┌─ RECORDED INFORMATION

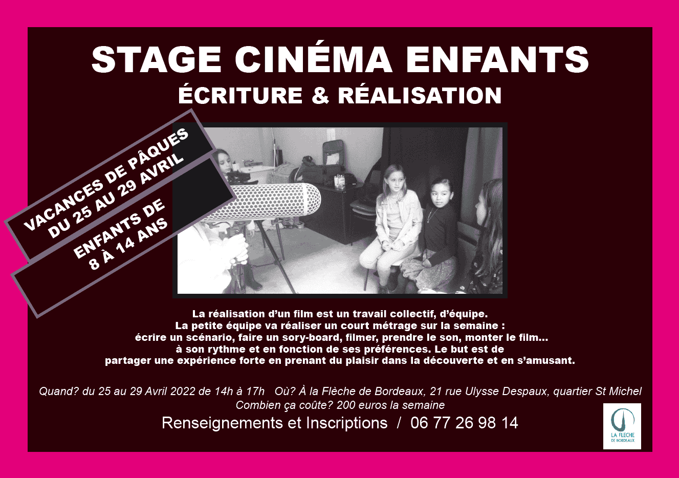Ça tourne ! STAGE CINEMA ENFANTS Vacances d’avril 2022, Pour les 8-14 ans à Bordeaux Réalisation d’un film en équipe de A à Z : scénario, story-board, film, son, montage … Wahou ! Trop bien !
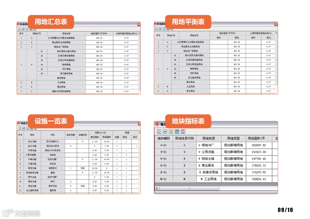 通过对录入到系统的各类规范性文件进行计算机语言转译,对报建文件自动进行相关规则自动关联,并自动提取属性和关键数据,进行合理性审查。审查结果包含用地汇总统计表、用地平衡统计表、设施配套公建统计表以及地块指标统计表等各类统计汇总表。
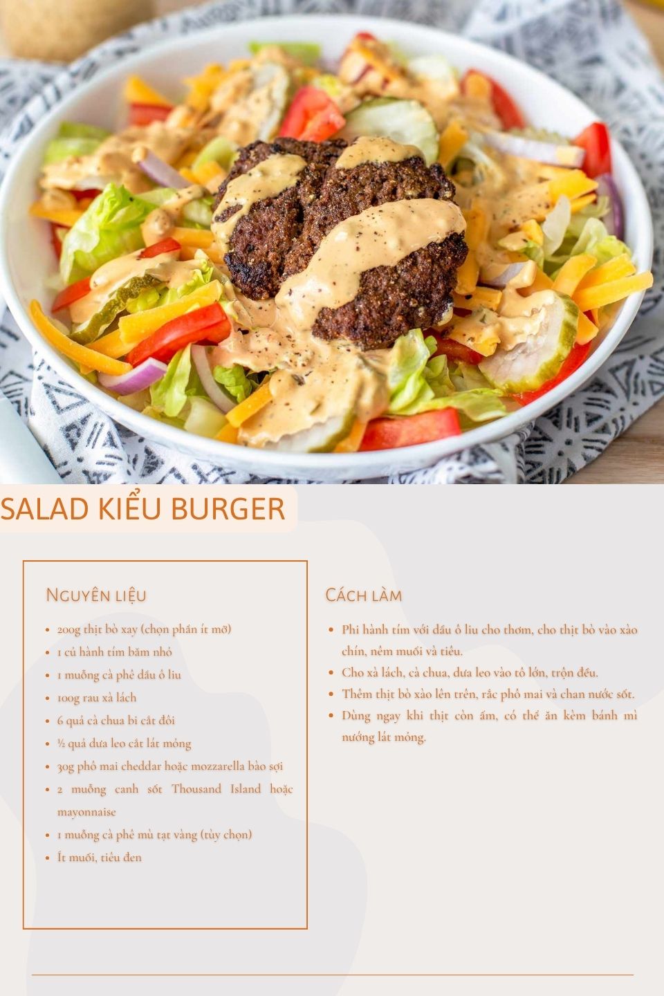 Salad hamburger không chỉ là một món ăn, mà còn là minh chứng cho xu hướng ẩm thực hiện đại, mang tính giản tiện, nhanh gọn, nhưng vẫn đảm bảo chất lượng và giá trị dinh dưỡng. Một đĩa salad đầy màu sắc, hòa quyện giữa rau xanh tươi, thịt bò thơm nồng và nước sốt béo nhẹ chính là lựa chọn lý tưởng cho những ai muốn ăn ngon mà không lo ngán.
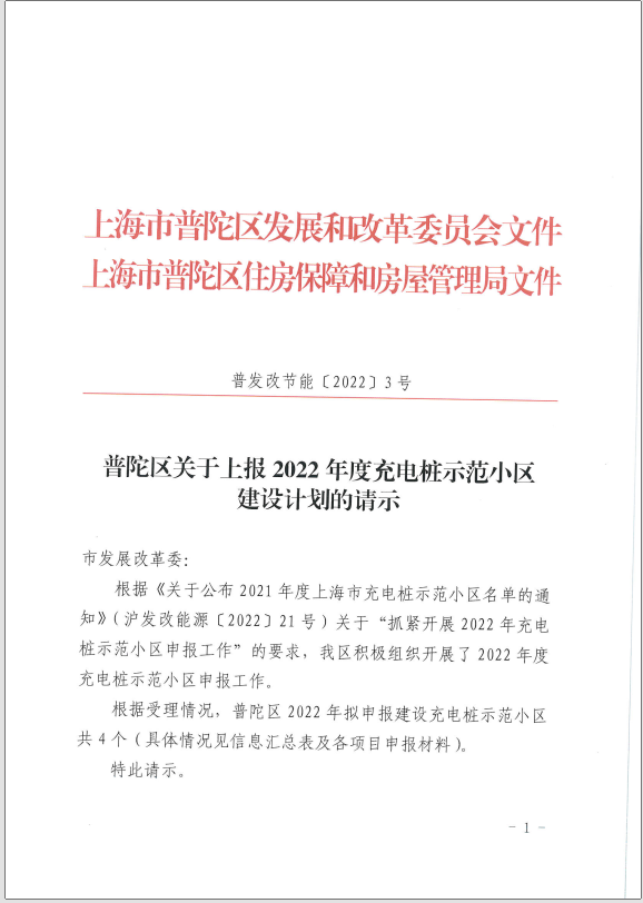 普陀区关于上报2022年度充电桩示范小区建设计划的请示

└─

* **PROBLEM DETAILS**:
Your task is to return the lines above, from the first one up to and including the line containing "通过对录入到系统的各类规范性", minus any pictures.

* **EXERCISE ANSWER**:
Ça tourne ! STAGE CINEMA ENFANTS Vacances d’avril 2022, Pour les 8-14 ans à Bordeaux Réalisation d’un film en équipe de A à Z : scénario, story-board, film, son, montage … Wahou ! Trop bien !
 通过对录入到系统的各类规范性文件进行计算机语言转译,对报建文件自动进行相关规则自动关联,并自动提取属性和关键数据,进行合理性审查。审查结果包含用地汇总统计表、用地平衡统计表、设施配套公建统计表以及地块指标统计表等各类统计汇总表。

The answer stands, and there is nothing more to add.